Logistic regression analysis using a second-degree fractional polynomial best modeled the unadjusted association of door to balloon time with 30-day mortality and one-year mortality (Figures 1A, 1B). Although the specific nature of the association between door to balloon time and mortality differed for the 2 endpoints, each indicated an increased mortality risk associated with any delay in time to treatment after admission (Table 3). Longer door to balloon times continued to be associated with increased mortality at 30 days and one year after multivariable adjustment for patient factors and hospital characteristics (Figures 2A, 2B). A second-degree fractional polynomial continued to provide the best fit for the adjusted association of door to balloon time and mortality at 30 days and one year (Table 3). Results were similar when analyses were repeated among patients with angina presenting within 6 hours of symptom onset and excluding patients who had presented in shock (data not shown).
Table 3.
30-day mortality | One-year mortality | |||
---|---|---|---|---|
Time (minutes) | Unadjusted | Adjusted | Unadjusted | Adjusted |
30 | 7.6 (5.8–9.8) | 7.3 (6.1–8.6) | 10.9 (8.4–14.0) | 8.8 (7.0–10.7) |
60 | 9.0 (7.3–11.1) | 8.8 (7.8–9.9) | 13.6 (11.3–16.2) | 12.9 (11.6–14.2) |
90 | 10.8 (9.2–12.6) | 10.7 (9.8–11.6) | 16.5 (14.5–18.7) | 16.6 (15.6–17.6) |
120 | 12.7 (11.2–14.4) | 12.8 (12.0–13.5) | 19.5 (17.5–21.5) | 19.9 (19.1–20.8) |
150 | 14.8 (13.2–16.5) | 15.0 (14.3–15.7) | 22.5 (20.5–24.6) | 22.9 (22.0–23.7) |
180 | 17.0 (15.0–19.1) | 17.2 (16.4–18.0) | 25.3 (22.8–27.9) | 25.5 (24.5–26.5) |
210 | 19.2 (16.7–22.0) | 19.4 (18.3–20.4) | 27.9 (24.8–31.2) | 27.7 (26.5–28.9) |
240 | 21.4 (18.3–25.0) | 21.4 (20.1–22.6) | 30.1 (26.4–34.1) | 29.5 (28.1–30.9) |
270 | 23.5 (19.7–27.8) | 23.2 (21.7–24.6) | 31.9 (27.7–36.5) | 30.9 (29.4–32.5) |
Data presented as mortality with 95% confidence intervals
Discussion
Our data indicate that delays in door-to-balloon time for patients with STEMI undergoing primary PCI are associated with increased risk of mortality at 30 days and one year. Whereas other studies have suggested that door-to-balloon time-associated mortality risks only manifest after ≥2 hours of delay or otherwise plateau after longer periods of delay, our results indicate that longer door-to-balloon time are associated with an immediate increase in mortality and that this risk is present irrespective of the length of the treatment delay.

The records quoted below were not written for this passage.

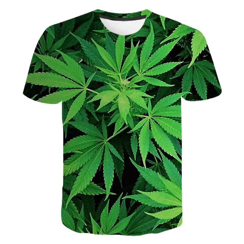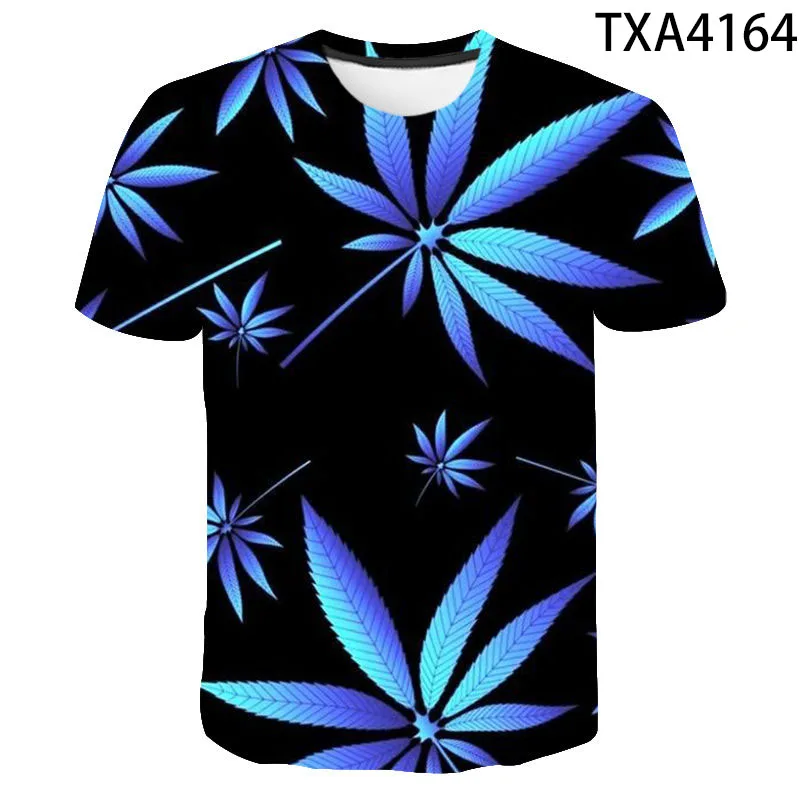 Футболка Летняя с 3D-принтом листьев марихуаны, модная уличная одежда с коротким рукавом для мальчиков и девочек, крутая с графическим принтом для мужчин и женщин
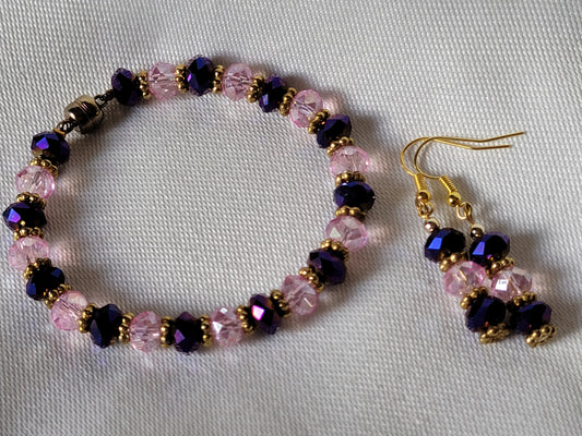 Artisan Pink & Purple Crystal Bracelet with Matching Earrings
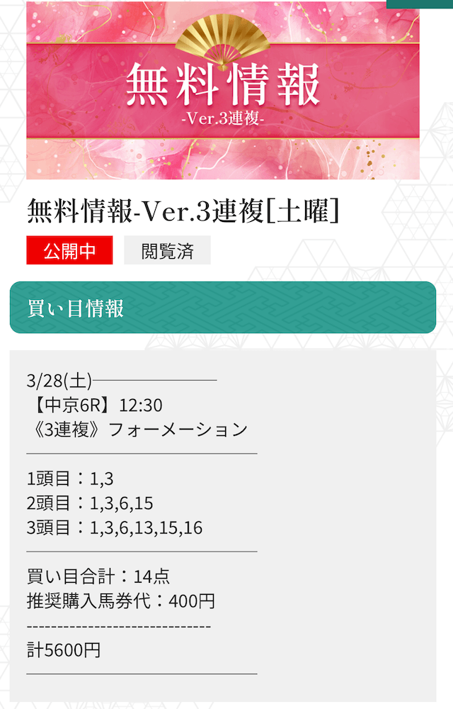 - 不的中 3月28日 中京6R
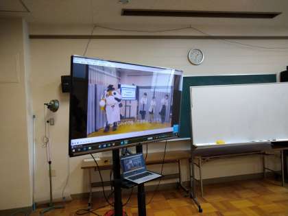 12月4日(金)の昼休みの時間に、健康委員会のメンバー限定で、先日ビデオ撮りをした「新型コロナウイルスについて」の劇の上映会を行いました。 校長先生にも見ていただきました!
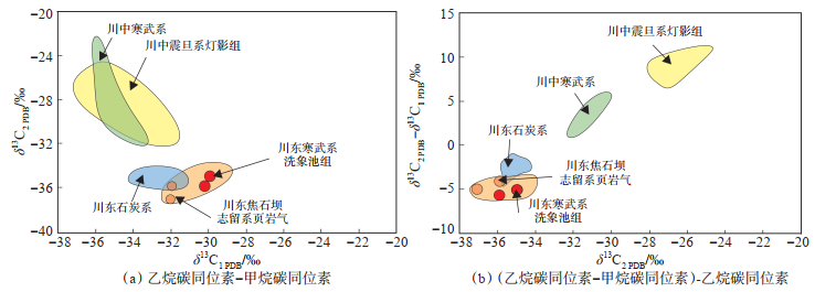 对比研究区洗象池组、石炭系、志留系(焦石坝地区),川中地区洗象池组、震旦系灯影组的天然气碳同位素特征(图 7)可知,研究区洗象池组天然气碳同位素特征与其上部石炭系,川中地区寒武系、震旦系气藏均具有明显差别[17]。
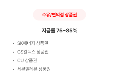 다양한 상품권 지원: 문화상품권, 해피머니, 도서상품권, 신세계상품권 등 모든 상품권 취급
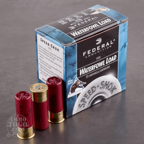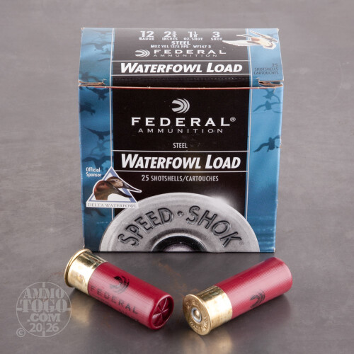 Take ducks and geese cleanly even at extended ranges with this 12 gauge Speed-Shok ammunition from Federal. These 2-3/4" shells fire a 1-1/8 oz. column of #3 steel birdshot at a high muzzle velocity of 1,375 feet per second. They are lead free and deliver excellent patterning. This ammo is loaded in Anoka, Minnesota. Each box contains 25 shells.-
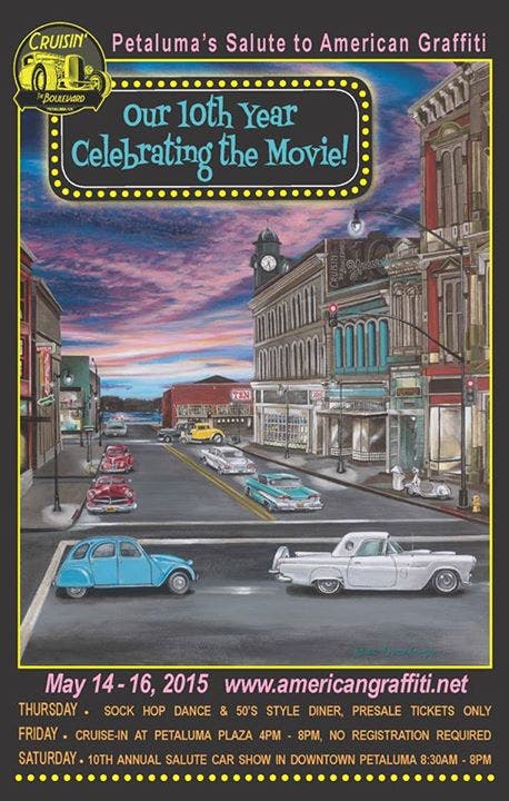 On May 16, Petaluma will celebrate the 10th anniversary of Petaluma’s Salute to American Graffiti, sponsored by Cruisin’ the Boulevard Inc.
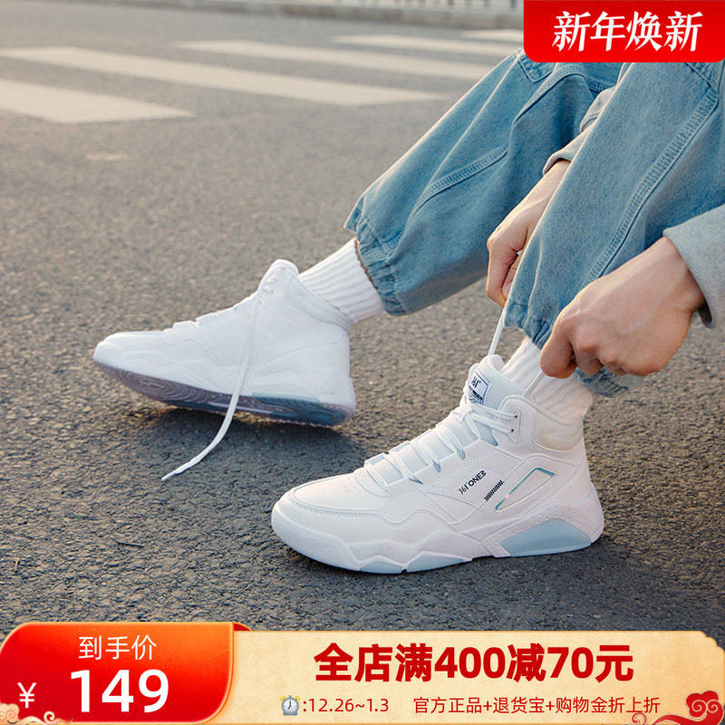 契约4|鸿星尔克板鞋高帮男鞋秋季皮面增高休闲鞋学生百搭运动鞋子
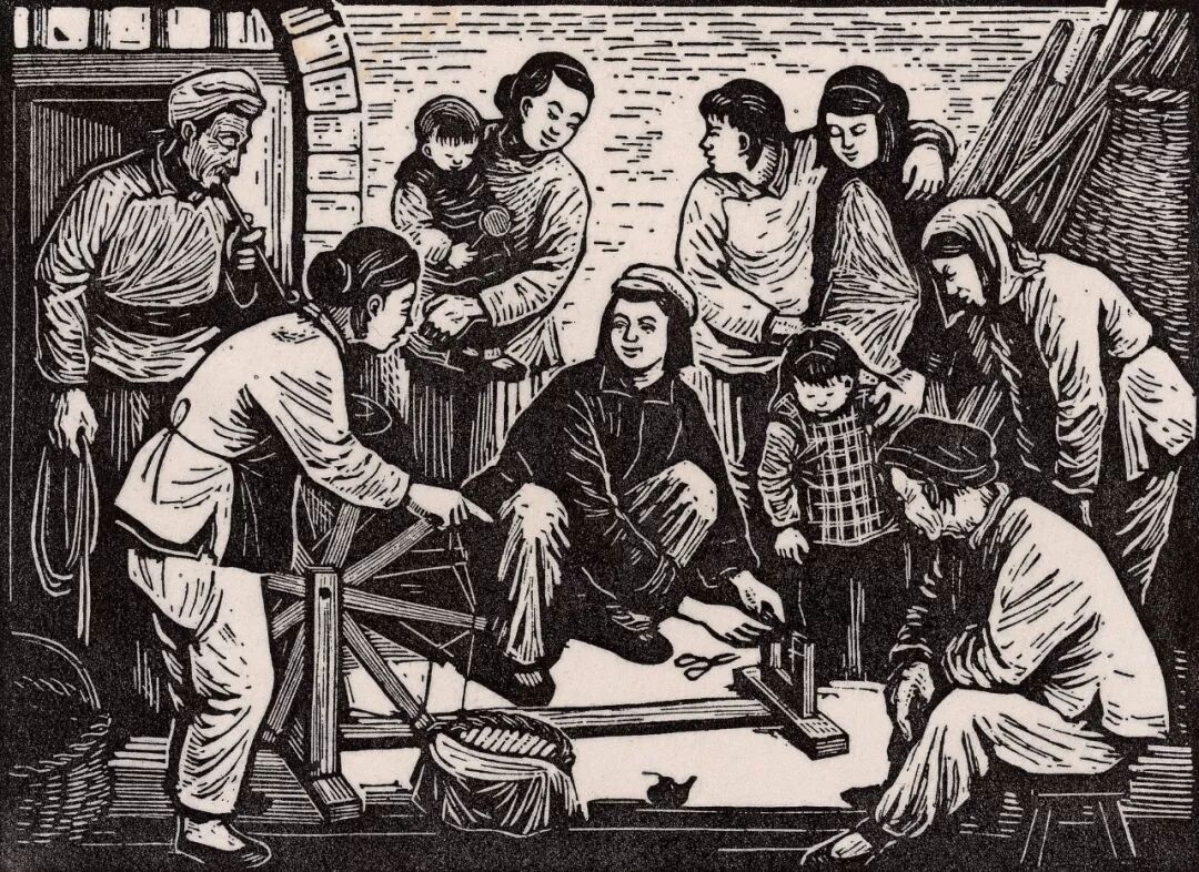 力群,《帮助群众修理纺车》,木刻版画,14×19厘米
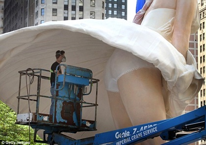 Được biết, bức tượng cao gần 8 met này là công trình nghệ thuật của nghệ sĩ Seward Johnson. Trong đó, nghệ sĩ Seward Johnson tái hiện hình ảnh nổi tiếng của nữ diễn viên Marilyn Monroe tại ga tàu điện trong bộ phim The Seven Year Itch, thực hiện vào năm 1955. Trong cảnh này, nữ diễn viên huyền thoại đã đưa tay giữ chiếc váy trắng khỏi bị tốc lên bởi một cơn gió “nghịch ngợm”, cảnh quay này được đánh giá rất gợi cảm và nổi tiếng sau đó.
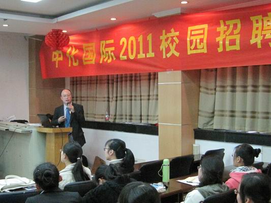 2010年10月28日下午,中化国际(控股)股份有限公司在DB彩票 报告厅面向DB彩票 和植保院毕业生同学进行秋季校园招聘会。中化集团公司人力资源部总经理王文克亲临招聘会现场,DB彩票 党委副书记刘亮参加了招聘会。
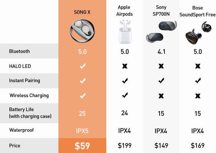 SONGX is a set of wireless earbuds that embody individuality and self-expression. With a sleek and stylish innovative design, different choice of colors, and added light effects, SONGX gives the sound a more tailored touch and feel. Using only the highest-grade components, a 6mm moving coil and a metal vibration membrane, the earbuds output high frequency clear and translucent sounds, thick bass, and all-around undistorted audio.
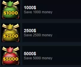 5000美元 节省5000美元 每次使用射击场,最终得分的1%将转化为金钱。如果玩家获得2000分,将赢得20美元。要获得前面列出的三个成就,只需反复进行射击场训练,直到获得足够的金钱。 起初,由于获得的金钱较少,进展非常缓慢。一个加快进程的好技巧是攒够316美元购买弹夹,因为它的容量和射速都要大得多,从而能更快地获取金钱。
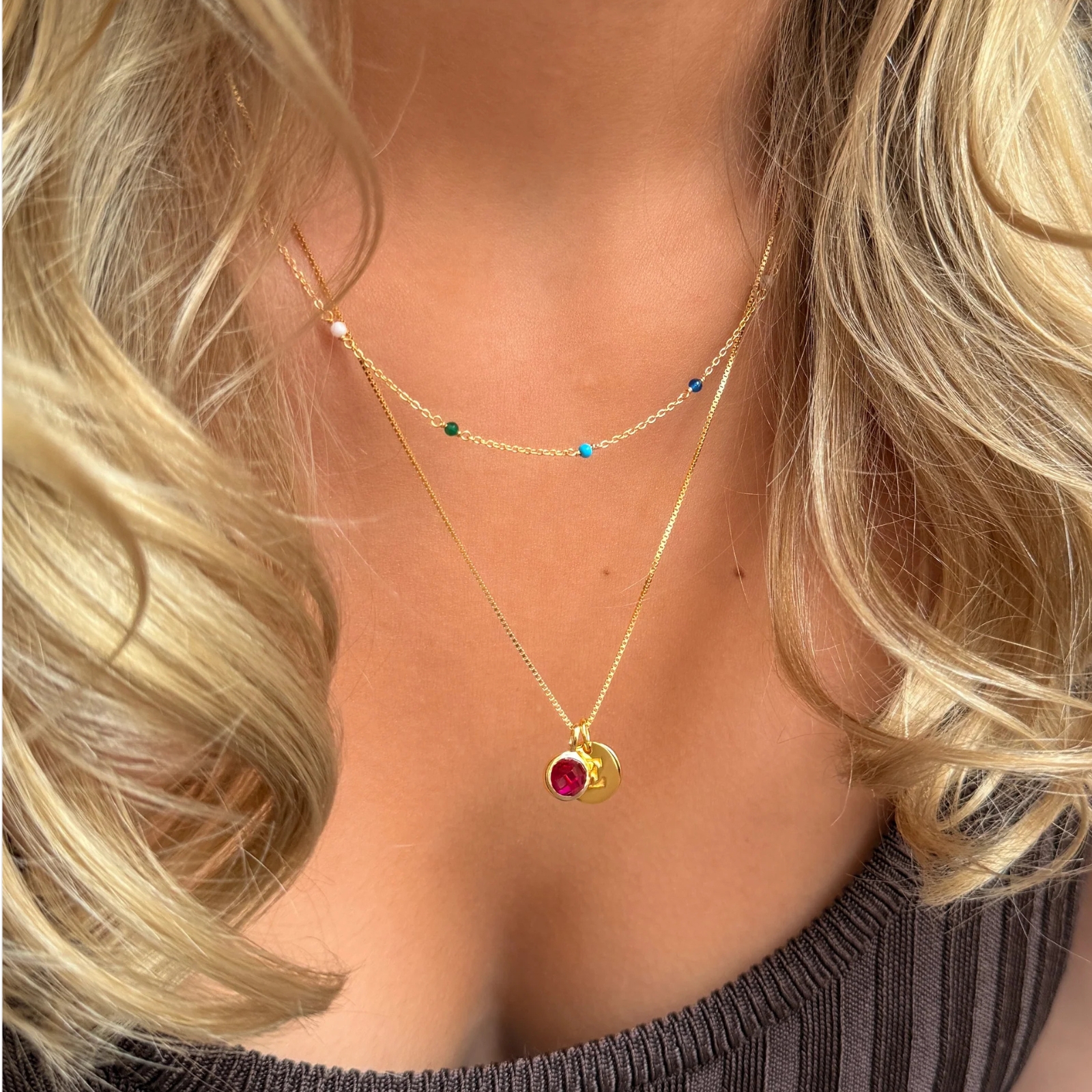 Syster P firar sitt 20-årsjubileum med en efterlängtad nyhet – Beloved Birthstones! Rubin är julis traditionella månadssten och har länge symboliserat kärlek, styrka och passion. I detta smycke används en labbodlad rubin som bär samma intensiva röda färg som den klassiska ädelstenen. Handgjord i äkta sterlingsilver, 100% återvunnet, pläterat med 18K guld. Välj månadsstenen för din egen månad, för någon speciell, eller helt enkelt din favoritfärg. Ett personligt smycke perfekt att bära varje dag, eller som en meningsfull present.

Our main finding of an increase in mortality associated with any delay in door-to-balloon time appears to reconcile competing reports regarding the specific nature of the mortality risk associated with delays in time to treatment.1–14 Our study suggests that the mortality risk associated with any delay in time to treatment may be both present immediately after admission and persist for several hours. A closer assessment of prior studies indicates that many in fact suggest such a consistent trend of increased mortality with any delay in time to treatment. For instance, although Cannon and colleagues report that mortality associated with longer door-to-balloon times was only present after two or more hours of delay, there is a clear trend towards increased mortality in patients with door-to-balloon times of 61 to 90 minutes and 91 to 120 minutes.14
Our finding of an increased mortality risk associated with delayed time to treatment in patients undergoing primary PCI is consistent with current pathophysiological models of myocardial infarction.19 Experimental models have demonstrated that the continuous, progressive ‘wave front of necrosis’ is largely dependent upon the duration of ischemia. Thus, patients with longer door-to-balloon times will experience, on average, longer periods of vessel occlusion, resulting in more ischemia and greater necrosis than patients with shorter times to treatment. This is reflected in poorer intermediate measures of myocardial viability including decreased myocardial perfusion, smaller ST segment resolution, less myocardial salvage and diminished left ventricular function.20
We believe our study’s finding that every minute of delay in treatment is associated with an increased risk of one-year mortality has important implications for clinical practice. Notably, efforts to further reduce door to balloon times, even below the 90 minute benchmark currently recommended by clinical practice guidelines,21 offer the potential to significantly reduce patient mortality. For instance, our data suggest that reducing average time to treatment from 90 minutes to 60 minutes may reduce one-year mortality by as much as 3.7% (16.6% to 12.9%). A further 30 minute reduction in average time to treatment to 30 minutes offers the potential of an additional 4.1% reduction (12.9% to 8.1%) in one-year mortality, underscoring the non-linear relationship between time to treatment and mortality. Rather than accepting a 90 minute door to balloon time benchmark for primary PCI, our data suggest we instead adopt an ‘as soon as possible’ standard for patients undergoing primary PCI.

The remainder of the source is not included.